Records for processing:
------
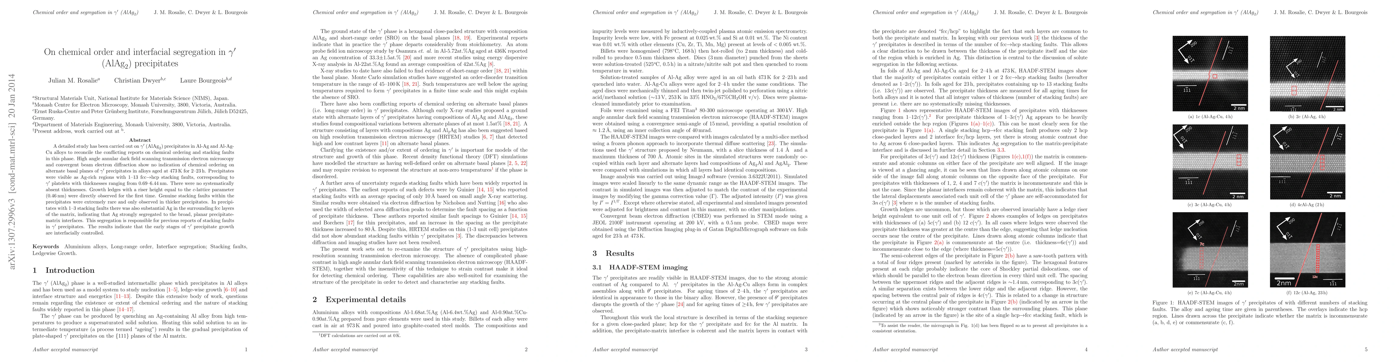 A detailed study has been carried out on $\gamma^\prime$ (AlAg$_2$) precipitates in Al-Ag and Al-Ag-Cu alloys to reconcile the conflicting reports on chemical ordering and stacking faults in this phase. High angle annular dark field scanning transmission electron microscopy and convergent beam electron diffraction show no indication of chemical ordering on alternate basal planes of $\gamma^\prime$ precipitates in alloys aged at 473 K for 2-23 h. Precipitates were visible as Ag-rich regions with 1-13 fcc$\rightarrow$hcp stacking faults, corresponding to $\gamma^\prime$ platelets with thicknesses ranging from 0.69-6.44 nm. There were no systematically absent thicknesses. Growth ledges with a riser height equal to the $c$-lattice parameter (0.46 nm) were directly observed for the first time. Genuine stacking faults within the precipitates were extremely rare and only observed in thicker precipitates. In precipitates with 1-3 stacking faults there was also substantial Ag in the surrounding fcc layers of the matrix, indicating that Ag strongly segregated to the broad, planar precipitate-matrix interfaces. This segregation is responsible for previous reports of stacking faults in $\gamma^\prime$ precipitates. The results indicate that the early stages of $\gamma^\prime$ precipitate growth are interfacially controlled.
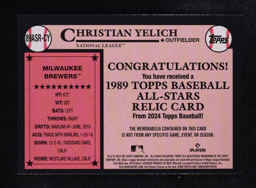 Christian Yelich 2024 Topps All Star 89' Relics #89ASR-CY
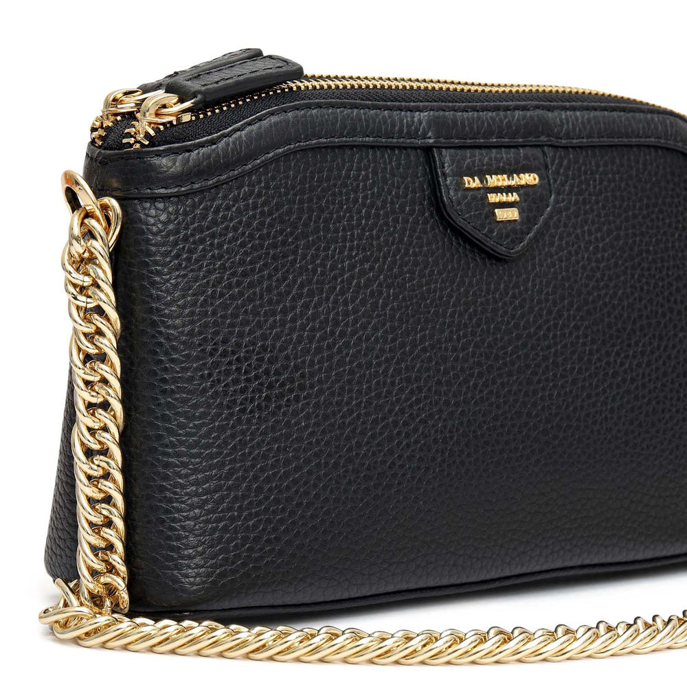 Small Canvas Plain Leather Shoulder Bag - Beige & Black
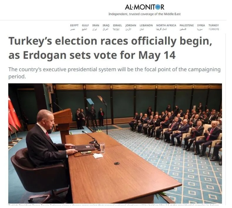 Amerikan Politico dergisi Erdoğan'ın resmi seçim tarihini belirlediğini duyurduğu haberinde seçimin planlanandan bir ay önce yapılacağını vurguladı ve Erdoğan'ın 14 Mayıs’ı, 6 Şubat'ta meydana gelen Kahramanmaraş merkezli depremlerdeki "yıkımın izlerini silecek hayırlı bir yarışa dönüştürmek" istediğini yazdı.
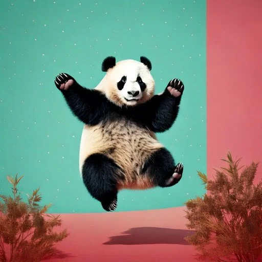 Abstract illustration of a panda composed of geometric shapes and pixelated textures, with vibrant pink and blue semicircles on the left side.
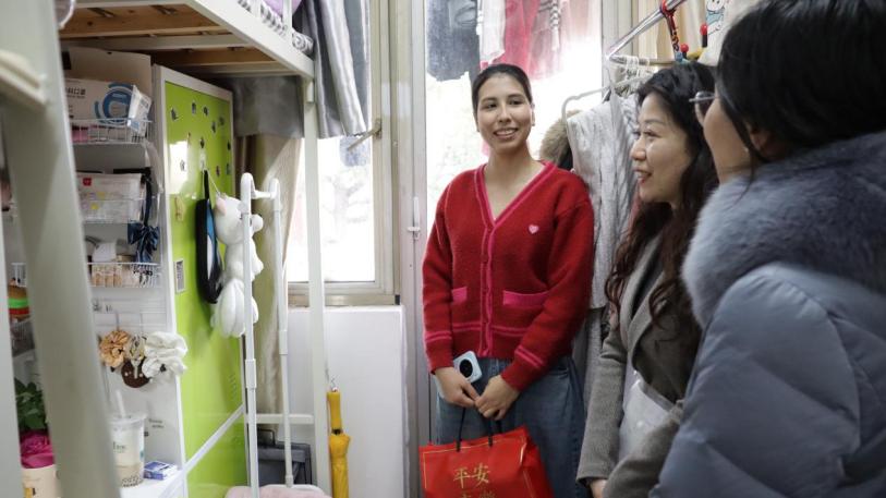 “寒假安排得怎么样?”“留校期间有什么需要帮助的?”周斌书记与催眠 领导班子一行专程走访留校学生宿舍,与同学们面对面促膝长谈,细致询问其家庭近况、学业进展与生活所需,深入倾听心声、精准掌握思想动态与身心健康状况,同时暖心叮嘱同学们,寒假期间既要合理规划作息与学业,深耕专业、精进本领,也要时刻绷紧安全之弦,牢记各项安全准则;更要常与家人、老师互通音信,传递牵挂与问候。若遇困难与困惑,务必第一时间向学院反馈,学院将始终是同学们最坚实的后盾,让留校学子在马年新春感受到如家人般的温暖与关怀。
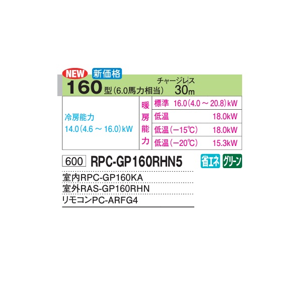日立 RPC-GP160RHN5 業務用エアコン てんつり シングル 寒さ知らず 寒冷地用 160型 6.0馬力 三相200V ♪
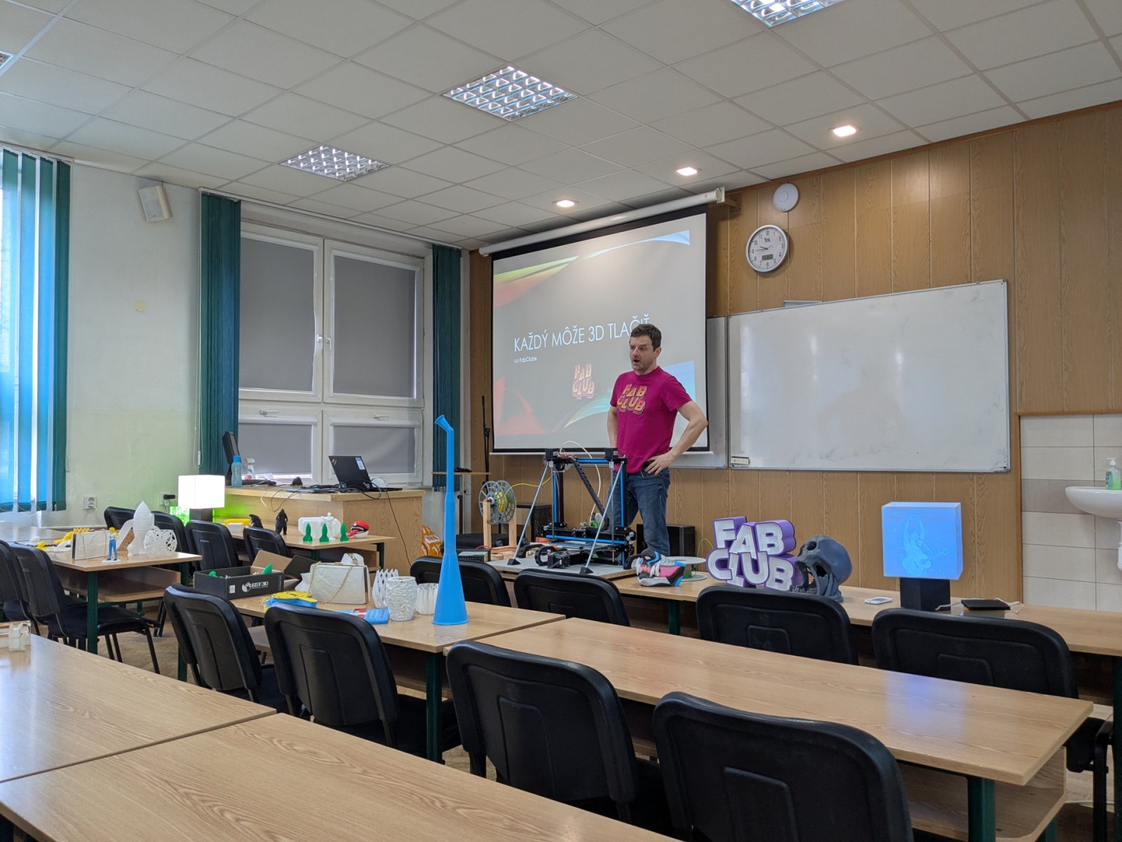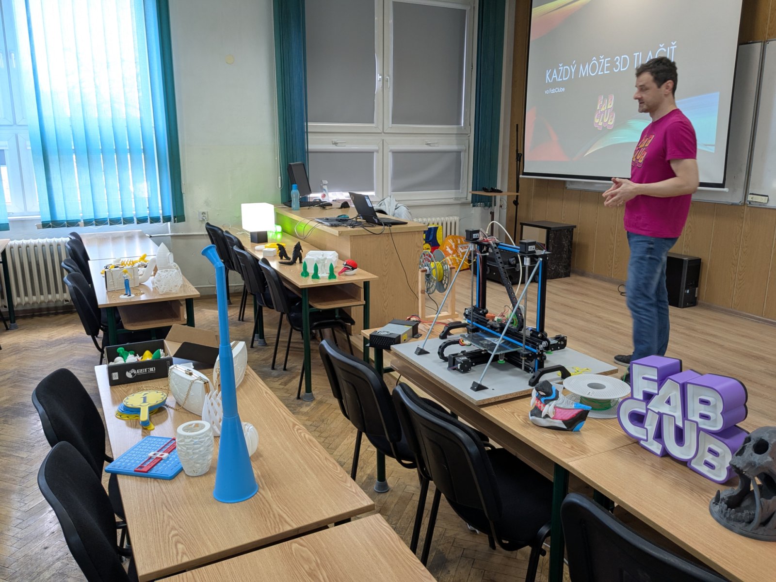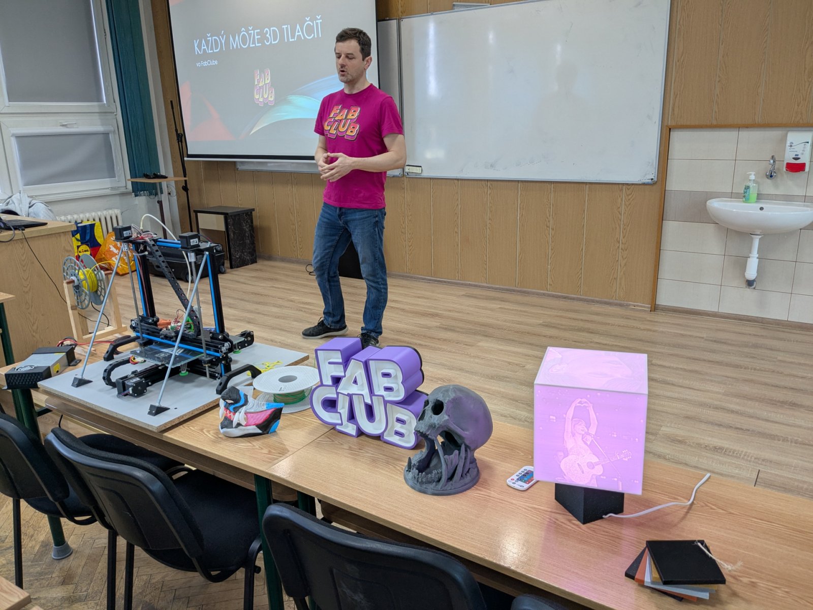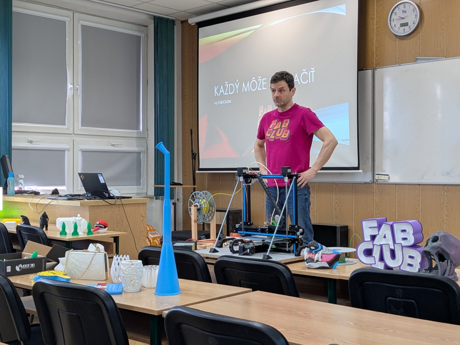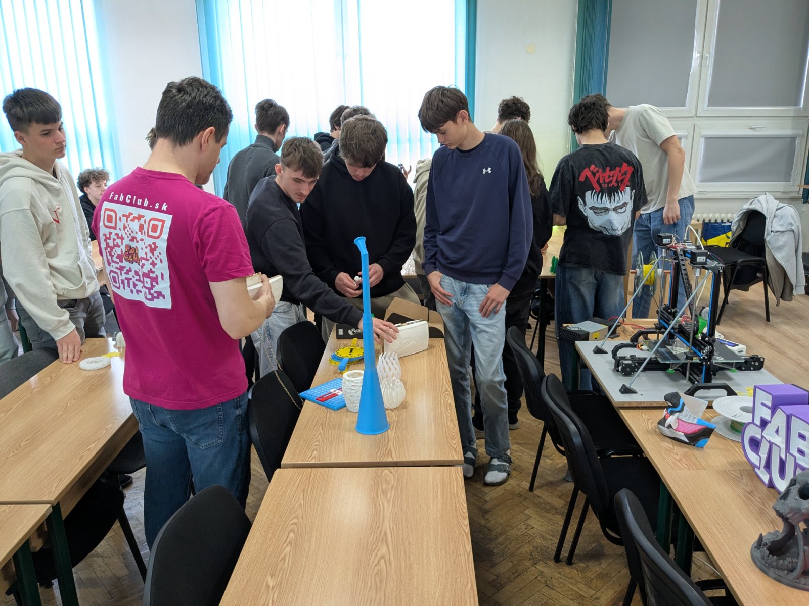 Dňa 26 .03. 2026 sa žiaci I. B a I. C triedy zúčastnili prezentácie p. Ing. Michala Mlynarčíka, ktorý predstavil svoj najnovší počin – kreatívnu dielňu s názvom FabClub, ktorá ponúka možnosť využívať technológiu 3D tlače odbornej, no aj neodbornej širokej verejnosti.
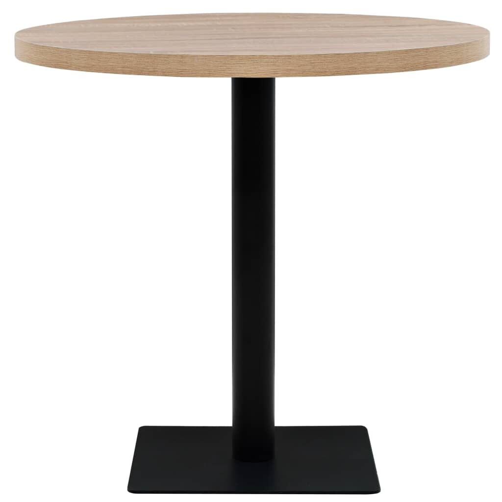 Create a romantic French atmosphere with our elegant bistro table. The tabletop is made of MDF with a grain finish and is supported by a steel leg and base. It is easy to clean with just a damp cloth. Use it as a single piece in your interior, restaurant, coffee shop or bar. Assembly of this item is easy.
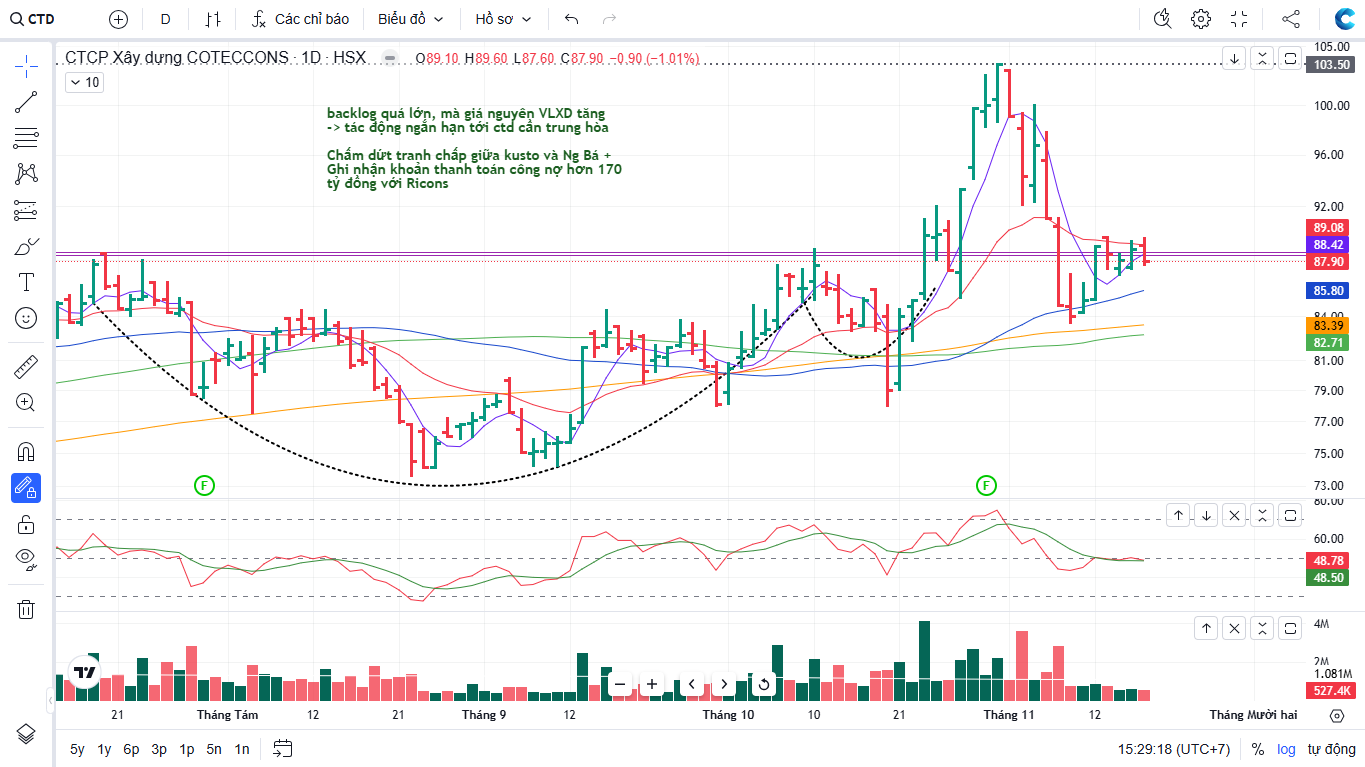Trên đồ thị kỹ thuật, CTD có RS=76, mức hoạt động tốt trên thị trường. CTD đã tìm được vùng hỗ trợ ở MA50 ngày, sau khi bị đè mạnh cùng với các cổ phiếu neo cao. Elibook Team giữ Trung Lập đối với cổ phiếu CTD, sau khi bán ra vào ngày 29/10/2025.
------
Work request: Your output should be the lines from the line containing "Amerikan Politico dergisi" through the last line of the listing above, restated exactly, with no pictures among them.

The completed task:
 Amerikan Politico dergisi Erdoğan'ın resmi seçim tarihini belirlediğini duyurduğu haberinde seçimin planlanandan bir ay önce yapılacağını vurguladı ve Erdoğan'ın 14 Mayıs’ı, 6 Şubat'ta meydana gelen Kahramanmaraş merkezli depremlerdeki "yıkımın izlerini silecek hayırlı bir yarışa dönüştürmek" istediğini yazdı.
 Abstract illustration of a panda composed of geometric shapes and pixelated textures, with vibrant pink and blue semicircles on the left side.
 “寒假安排得怎么样?”“留校期间有什么需要帮助的?”周斌书记与催眠 领导班子一行专程走访留校学生宿舍,与同学们面对面促膝长谈,细致询问其家庭近况、学业进展与生活所需,深入倾听心声、精准掌握思想动态与身心健康状况,同时暖心叮嘱同学们,寒假期间既要合理规划作息与学业,深耕专业、精进本领,也要时刻绷紧安全之弦,牢记各项安全准则;更要常与家人、老师互通音信,传递牵挂与问候。若遇困难与困惑,务必第一时间向学院反馈,学院将始终是同学们最坚实的后盾,让留校学子在马年新春感受到如家人般的温暖与关怀。
日立 RPC-GP160RHN5 業務用エアコン てんつり シングル 寒さ知らず 寒冷地用 160型 6.0馬力 三相200V ♪
 Dňa 26 .03. 2026 sa žiaci I. B a I. C triedy zúčastnili prezentácie p. Ing. Michala Mlynarčíka, ktorý predstavil svoj najnovší počin – kreatívnu dielňu s názvom FabClub, ktorá ponúka možnosť využívať technológiu 3D tlače odbornej, no aj neodbornej širokej verejnosti.
 Create a romantic French atmosphere with our elegant bistro table. The tabletop is made of MDF with a grain finish and is supported by a steel leg and base. It is easy to clean with just a damp cloth. Use it as a single piece in your interior, restaurant, coffee shop or bar. Assembly of this item is easy.
Trên đồ thị kỹ thuật, CTD có RS=76, mức hoạt động tốt trên thị trường. CTD đã tìm được vùng hỗ trợ ở MA50 ngày, sau khi bị đè mạnh cùng với các cổ phiếu neo cao. Elibook Team giữ Trung Lập đối với cổ phiếu CTD, sau khi bán ra vào ngày 29/10/2025.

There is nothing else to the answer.